(Your objective):
Scan the records for lines with the string "metal". Say how many there are, and add nothing.

The records Block Start

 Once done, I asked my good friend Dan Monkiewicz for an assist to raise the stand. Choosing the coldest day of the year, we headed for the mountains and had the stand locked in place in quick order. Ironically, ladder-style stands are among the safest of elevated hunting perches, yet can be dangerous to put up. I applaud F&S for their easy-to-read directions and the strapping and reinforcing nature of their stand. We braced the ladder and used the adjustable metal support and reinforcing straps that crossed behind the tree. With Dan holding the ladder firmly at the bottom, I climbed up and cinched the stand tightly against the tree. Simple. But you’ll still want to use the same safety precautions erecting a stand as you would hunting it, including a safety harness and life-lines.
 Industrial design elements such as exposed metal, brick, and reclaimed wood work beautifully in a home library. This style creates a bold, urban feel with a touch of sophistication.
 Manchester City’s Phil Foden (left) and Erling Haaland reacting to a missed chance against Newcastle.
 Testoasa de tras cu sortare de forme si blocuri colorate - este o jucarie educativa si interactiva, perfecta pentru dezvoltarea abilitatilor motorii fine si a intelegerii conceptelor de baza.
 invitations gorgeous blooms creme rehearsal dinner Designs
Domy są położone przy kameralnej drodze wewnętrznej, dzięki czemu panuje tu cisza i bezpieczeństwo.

The records Block End
The records Block Start

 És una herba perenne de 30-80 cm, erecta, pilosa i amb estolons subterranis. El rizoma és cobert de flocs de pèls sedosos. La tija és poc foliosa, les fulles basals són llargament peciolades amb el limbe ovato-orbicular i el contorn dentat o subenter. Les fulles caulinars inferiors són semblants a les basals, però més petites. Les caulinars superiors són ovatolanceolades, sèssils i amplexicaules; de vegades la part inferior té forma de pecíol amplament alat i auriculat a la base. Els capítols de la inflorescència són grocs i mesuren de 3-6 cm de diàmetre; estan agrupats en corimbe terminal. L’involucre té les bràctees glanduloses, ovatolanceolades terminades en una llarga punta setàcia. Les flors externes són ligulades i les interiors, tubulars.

The records Block End
The records Block Start

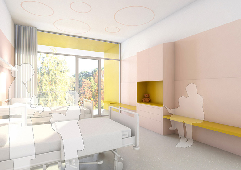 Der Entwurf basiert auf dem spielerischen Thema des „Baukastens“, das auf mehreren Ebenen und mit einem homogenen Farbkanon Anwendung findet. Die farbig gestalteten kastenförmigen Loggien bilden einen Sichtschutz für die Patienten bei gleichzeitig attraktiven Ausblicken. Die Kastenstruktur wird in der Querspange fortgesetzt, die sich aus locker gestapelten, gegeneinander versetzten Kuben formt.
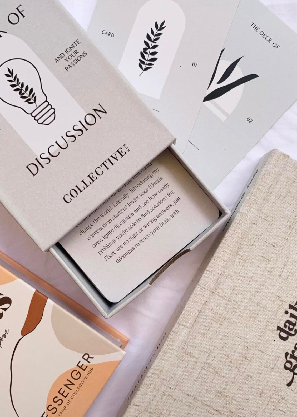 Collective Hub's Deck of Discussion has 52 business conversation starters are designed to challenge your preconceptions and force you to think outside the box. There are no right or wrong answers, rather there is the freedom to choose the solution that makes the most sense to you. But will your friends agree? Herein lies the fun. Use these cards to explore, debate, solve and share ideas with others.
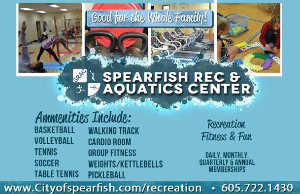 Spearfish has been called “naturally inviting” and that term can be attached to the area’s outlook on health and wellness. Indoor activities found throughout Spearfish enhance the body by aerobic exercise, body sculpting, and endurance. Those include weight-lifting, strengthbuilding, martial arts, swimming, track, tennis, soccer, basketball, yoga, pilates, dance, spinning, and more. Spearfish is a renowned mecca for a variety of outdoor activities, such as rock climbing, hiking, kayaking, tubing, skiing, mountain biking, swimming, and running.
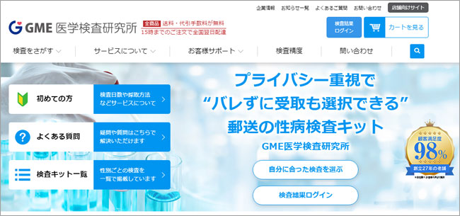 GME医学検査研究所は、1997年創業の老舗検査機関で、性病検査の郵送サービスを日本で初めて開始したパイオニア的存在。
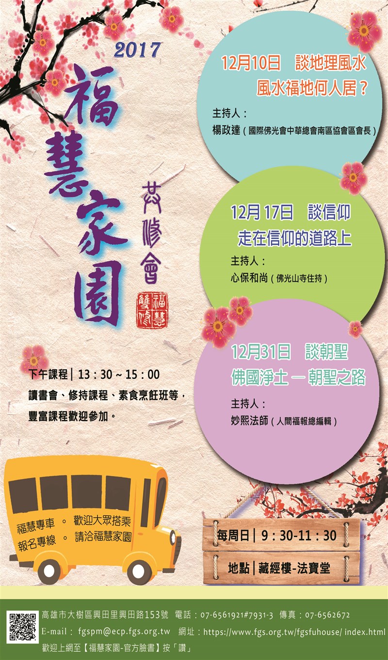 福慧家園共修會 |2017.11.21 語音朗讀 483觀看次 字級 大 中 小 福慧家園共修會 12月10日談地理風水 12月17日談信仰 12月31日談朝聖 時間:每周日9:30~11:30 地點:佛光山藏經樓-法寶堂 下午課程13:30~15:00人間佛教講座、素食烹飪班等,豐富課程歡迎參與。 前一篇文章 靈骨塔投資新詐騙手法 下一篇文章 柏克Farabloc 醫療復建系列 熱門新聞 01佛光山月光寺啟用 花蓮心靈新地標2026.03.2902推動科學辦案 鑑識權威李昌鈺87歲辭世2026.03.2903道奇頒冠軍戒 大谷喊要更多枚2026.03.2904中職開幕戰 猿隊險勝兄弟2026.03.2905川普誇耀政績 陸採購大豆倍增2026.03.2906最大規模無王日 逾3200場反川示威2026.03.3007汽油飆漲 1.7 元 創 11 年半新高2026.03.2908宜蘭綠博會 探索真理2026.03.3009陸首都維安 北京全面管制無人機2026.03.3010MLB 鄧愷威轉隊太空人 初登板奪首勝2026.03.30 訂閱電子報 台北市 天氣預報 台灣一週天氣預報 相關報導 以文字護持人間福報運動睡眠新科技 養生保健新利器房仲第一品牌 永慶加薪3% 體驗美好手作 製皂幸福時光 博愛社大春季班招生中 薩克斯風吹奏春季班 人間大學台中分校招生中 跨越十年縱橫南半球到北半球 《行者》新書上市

The records Block End

(Solution for this task):
2